Device lifetime is a critical metric in power electronics, directly impacting system reliability, maintenance cycles, and safety. Premature failure of power devices can lead to catastrophic system malfunctions, especially in mission-critical applications. Therefore, accurately predicting the lifetime of GaN power devices under varying operational conditions is essential for robust design and reliable deployment. Lifetime prediction typically involves understanding the degradation mechanisms driven by thermal, electrical, and mechanical stresses accumulated over time. These mechanisms include thermal cycling fatigue [
5], electromigration [
6], and stress-induced delamination [
7], all of which are influenced by device structure, material properties, and loading profiles such as power levels and switching frequency. Conventional approaches to lifetime prediction often rely on empirical models derived from accelerated aging tests, such as Arrhenius-type models [
8], Coffin–Manson relationships [
5], and rainflow counting methods [
9]. While these models provide useful approximations, they are limited by several inherent shortcomings. First of all, they require a large amount of experimental data, and obtaining this data requires a lot of equipment and a considerable amount of time, which cannot be accomplished within a short period of time. However, the prediction of the lifespan of gallium nitride chips is extremely dependent on relevant data with temporal characteristics. Second, they often assume simplified and static loading conditions, failing to capture the dynamic behaviors of devices in real-world operations. Third, many methods require collecting data information from multiple dimensions, and the data collection process is quite challenging. Among the common failure modes, a large number of failures can be reflected by the temperature changes over time, such as lead bonding failure and thermal breakdown. The change in temperature can be regarded as a relatively common factor reflecting the working state of the chip.

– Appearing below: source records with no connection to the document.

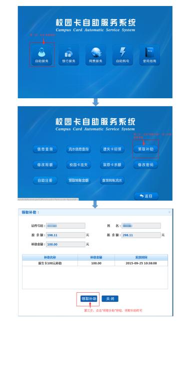 由于部分2015级本科新生校园卡卡片问题,此部分学生未能成功预存资金,现进行补发。补发方法为:在校园卡自助机(包含各宿舍楼和各食堂自助机)上领取。
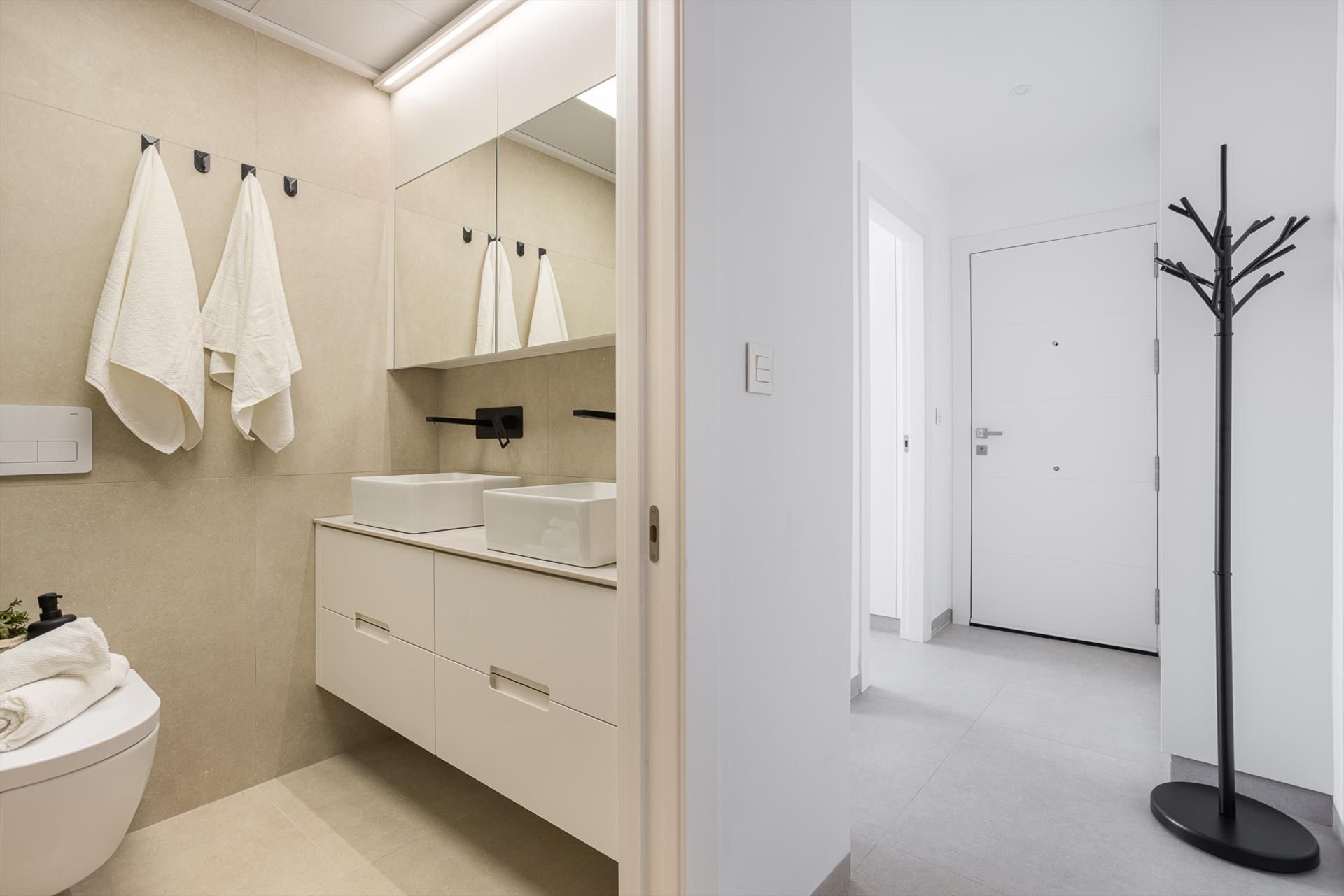 • baño con lavabo doble, ducha, inodoro y secador de pelo
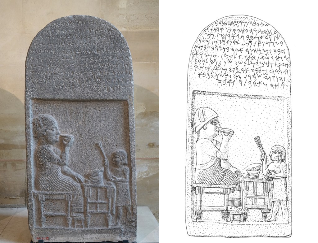 本文介绍的是一位月神祭司的墓碑。墓碑正面上方共有十行碑文,其中特别强调了在墓中没有贵重的随葬品,希望以此避免被盗掘。碑文下方刻有浮雕,表现的是墓主歆享供奉饮食的场景:他端坐在左侧的高椅之上,右手举杯欲饮,左手垂放在膝上,中间的桌上摆着盛有食物的碗和酒杯,桌子右侧还立着一个正扬起手中拂尘的仆人。
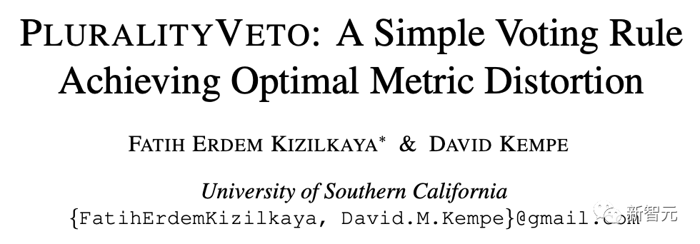 我们的主要结果是一个非常简单的投票规则,被称为PLURALITY VETO,它实现了最佳失真3。
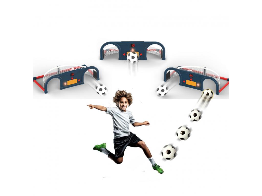 A Soccer Roundabout egy szórakoztató és interaktív focijáték fiúknak, lányoknak és felnőtteknek! Ez a focijáték segít javítani a pontosságot, a sebességet és a reflexeket szórakoztató módon. A készlet egy fociedzőből és egy hablabdából áll. A feladat az, hogy a labdát a bal oldali lyukon, a jobb oldali lyukon vagy a középső érzékelőn keresztül rúgd, a LED nyíl jelzi, hova kell lőnöd, hogy pontot szerezz. Az edzőn láthatod a visszaszámláló másodperceket. Egy körre mindig 60 másodperc áll rendelkezésre, és az nyer, aki a legtöbb pontot gyűjti! Ez a fociedző lelkes focisták számára ideális baráti versenyek szervezéséhez, de beltéren vagy kültéren, sík felületen is gyakorolhat vele. Fejleszd foci tudásodat a Soccer Roundabout segítségével! A kapu mérete: 80 x 42 x 23 cm. Korhatár: 6 év felett.
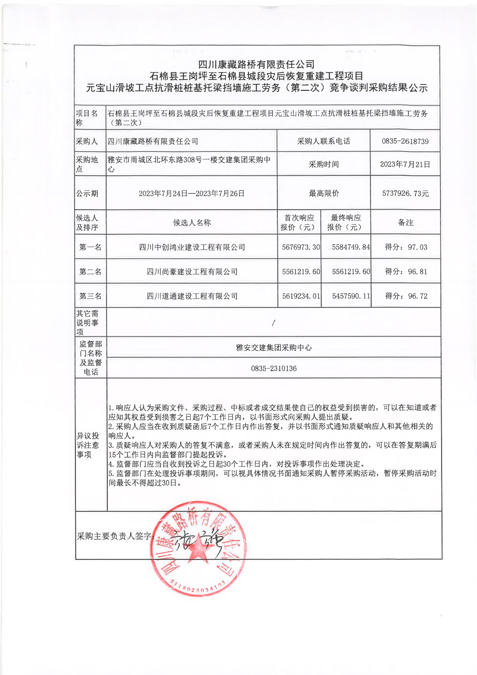 四川康藏路橋有限責(zé)任公司石棉縣王崗坪至石棉縣城段災(zāi)后恢復(fù)重建工程項(xiàng)目元寶山滑坡工點(diǎn)抗滑樁樁基托梁擋墻施工勞務(wù)(第二次)競(jìng)爭(zhēng)談判采購(gòu)結(jié)果公示
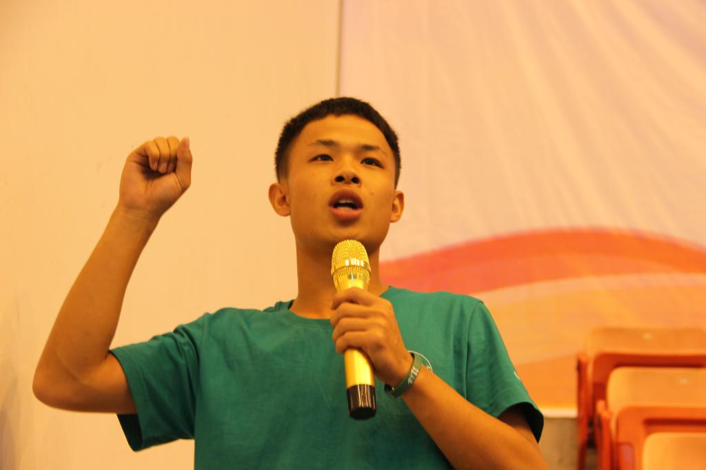 参赛选手代表刘腾予宣誓。他将严格遵守赛事安排,遵守比赛规则和赛场纪律,尊重对手,尊重观众,尊重裁判,以良好的精神面貌赛出风格,赛出水平。
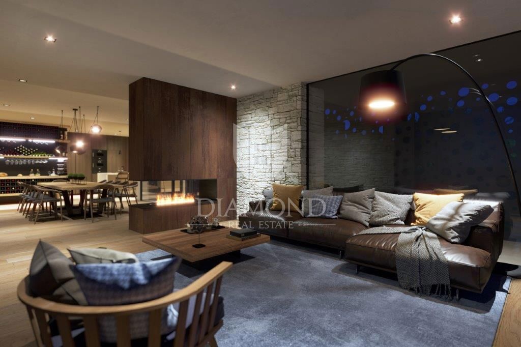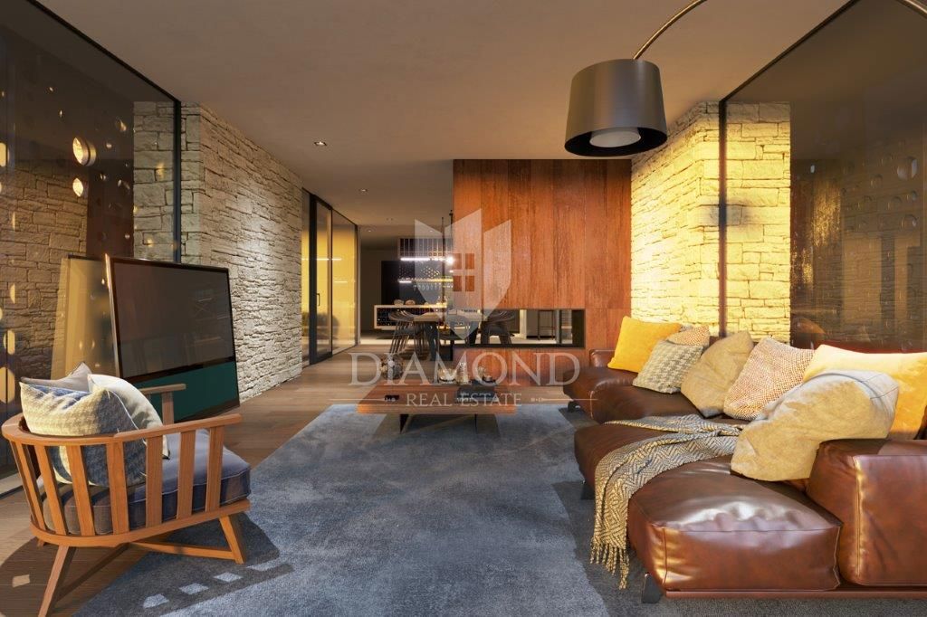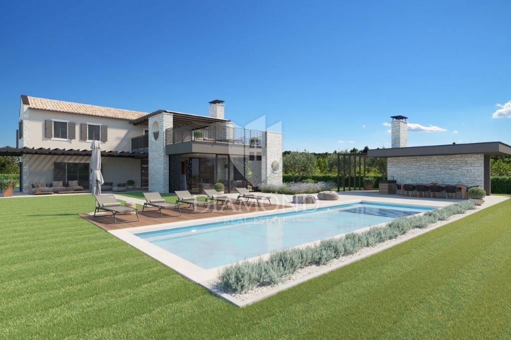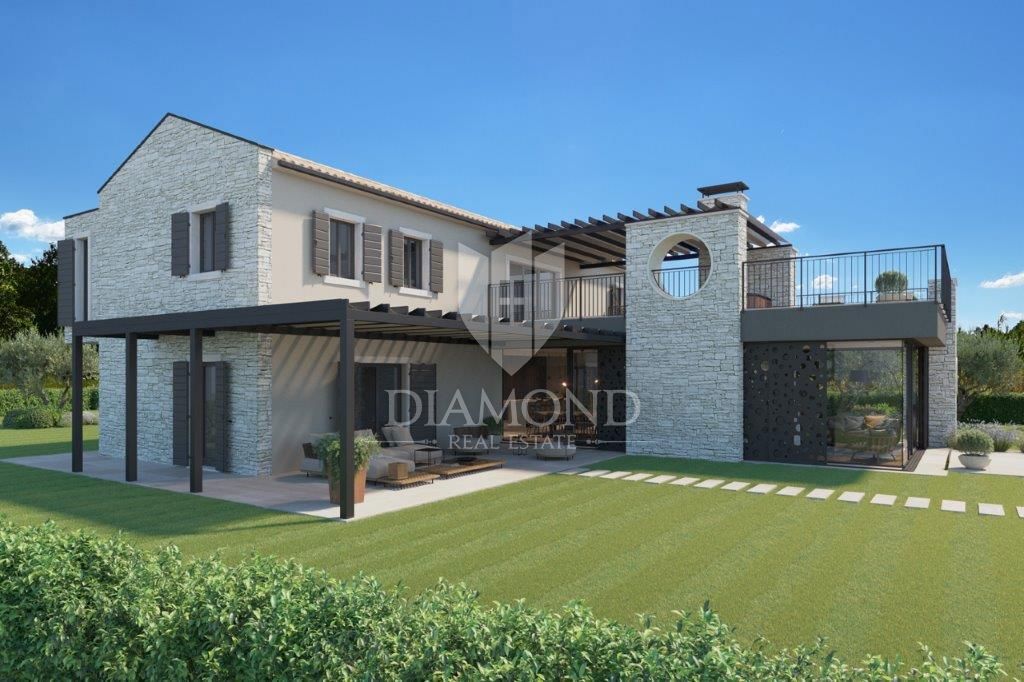 Poreč, okolica, luksuzna vila v gradnji Le 15 km oddaljena od mesta Poreč in lepih plaž je ta luksuzna hiša v gradnji. Ta luksuzna vila, ki jemlje dih s popolno mešanico elegance, moderne arhitekture z istrskim poudarkom, se nahaja v majhnem in mirnem i

To address these limitations, this study proposes a hybrid method that combines multiphysics finite element simulation with a data-driven deep learning approach [
10,
11,
12] to predict the lifetime of GaN power devices. Specifically, COMSOL Multiphysics is utilized to simulate the thermal and mechanical stress distribution in GaN devices [
13,
14,
15] under various power and frequency settings. These simulations provide detailed insight into the spatiotemporal evolution of temperature fields, stress concentrations, and fatigue-inducing cycles, which are difficult to capture experimentally. We combined temperature and fatigue life to create a dataset and used the temperature data in conjunction with physical formulas to characterize the degradation process of the chip. To extract patterns from this time-series data and forecast future degradation trends, a Long Short-Term Memory (LSTM) neural network is employed [
16,
17,
18,
19,
20,
21]. LSTM, a variant of recurrent neural networks (RNNs), is particularly well-suited for modeling temporal sequences and capturing long-term dependencies. By using a long short-term memory model trained on simulated data, this model is able to learn the complex relationship between temperature changes over time and the lifespan of the chip, thereby being capable of accurately predicting the lifespan for situations that have not been encountered before. This approach significantly reduces the reliance on large-scale physical aging experiments and enhances the adaptability of lifetime modeling to diverse device configurations and operating environments.

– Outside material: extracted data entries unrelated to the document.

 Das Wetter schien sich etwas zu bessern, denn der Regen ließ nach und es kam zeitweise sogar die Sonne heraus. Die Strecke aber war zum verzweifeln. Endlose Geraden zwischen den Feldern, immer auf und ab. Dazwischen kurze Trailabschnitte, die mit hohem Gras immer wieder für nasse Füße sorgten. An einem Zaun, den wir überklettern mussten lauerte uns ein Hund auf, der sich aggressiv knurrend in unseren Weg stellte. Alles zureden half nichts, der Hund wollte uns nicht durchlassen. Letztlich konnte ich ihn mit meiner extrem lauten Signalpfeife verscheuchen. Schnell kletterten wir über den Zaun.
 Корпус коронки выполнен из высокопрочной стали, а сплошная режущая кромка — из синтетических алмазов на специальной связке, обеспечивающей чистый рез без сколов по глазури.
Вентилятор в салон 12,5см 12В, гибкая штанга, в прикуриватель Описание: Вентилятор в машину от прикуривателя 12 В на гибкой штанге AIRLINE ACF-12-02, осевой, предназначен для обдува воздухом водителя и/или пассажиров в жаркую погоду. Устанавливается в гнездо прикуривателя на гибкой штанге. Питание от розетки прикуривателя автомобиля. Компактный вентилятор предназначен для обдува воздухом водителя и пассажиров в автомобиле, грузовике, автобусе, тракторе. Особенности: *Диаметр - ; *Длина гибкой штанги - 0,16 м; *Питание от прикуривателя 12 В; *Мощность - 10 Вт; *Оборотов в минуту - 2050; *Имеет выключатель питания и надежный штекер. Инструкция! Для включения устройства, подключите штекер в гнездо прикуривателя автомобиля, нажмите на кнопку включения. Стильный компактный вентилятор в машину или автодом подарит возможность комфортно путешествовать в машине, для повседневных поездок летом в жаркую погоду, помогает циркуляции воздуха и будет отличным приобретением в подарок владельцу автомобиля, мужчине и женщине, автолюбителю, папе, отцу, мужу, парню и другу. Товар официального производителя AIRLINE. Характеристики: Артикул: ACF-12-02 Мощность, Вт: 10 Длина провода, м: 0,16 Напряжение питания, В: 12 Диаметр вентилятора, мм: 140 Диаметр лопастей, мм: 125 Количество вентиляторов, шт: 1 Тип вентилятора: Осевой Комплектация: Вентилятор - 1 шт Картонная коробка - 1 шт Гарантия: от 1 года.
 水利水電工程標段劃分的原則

Unlike traditional feedforward neural networks, the Long Short-Term Memory (LSTM) architecture incorporates memory units and gating mechanisms, which enable it to retain long-term temporal dependencies [
22,
23] and alleviate the problem of gradient vanishing, which is crucial for capturing the time-varying temperature characteristics in power devices. This capability allows LSTM to learn the complex nonlinear relationships between historical operating conditions (the amplitude and speed of temperature changes) and the final failure behavior of the devices. Most predictions of service life are based on the characteristic that certain physical quantities of the object to be predicted change over time. Then, the trend in these characteristics over time is analyzed to establish a corresponding relationship with the final service life. LSTM can effectively extract these time-related features. The temperature of GaN devices is affected by various factors such as packaging and operating conditions. The final temperature change is manifested as a time-varying sequence. LSTM can extract many time-related features from this sequence, and by linking these features with the corresponding service life, the service life prediction of GaN chips can be achieved. LSTM, due to its ability to effectively extract time-related features, has been widely applied in the prediction of the lifespan of mechanical or electronic equipment [
24]. Despite these advantages, applying LSTM to life prediction still involves several technical considerations. These include careful sequence design to ensure temporal coherence (the sampling time standard for all the tested chips is the same), appropriate normalization of input variables to maintain learning stability, and effective training strategies to prevent overfitting [
25,
26], particularly when the dataset is limited or simulated. Moreover, hyperparameter tuning (e.g., number of layers, hidden units, and learning rate) and evaluation using appropriate loss functions are critical to optimizing prediction accuracy. Attention must also be given to how well the model generalizes across unseen operating conditions, which is essential for robust real-world deployment.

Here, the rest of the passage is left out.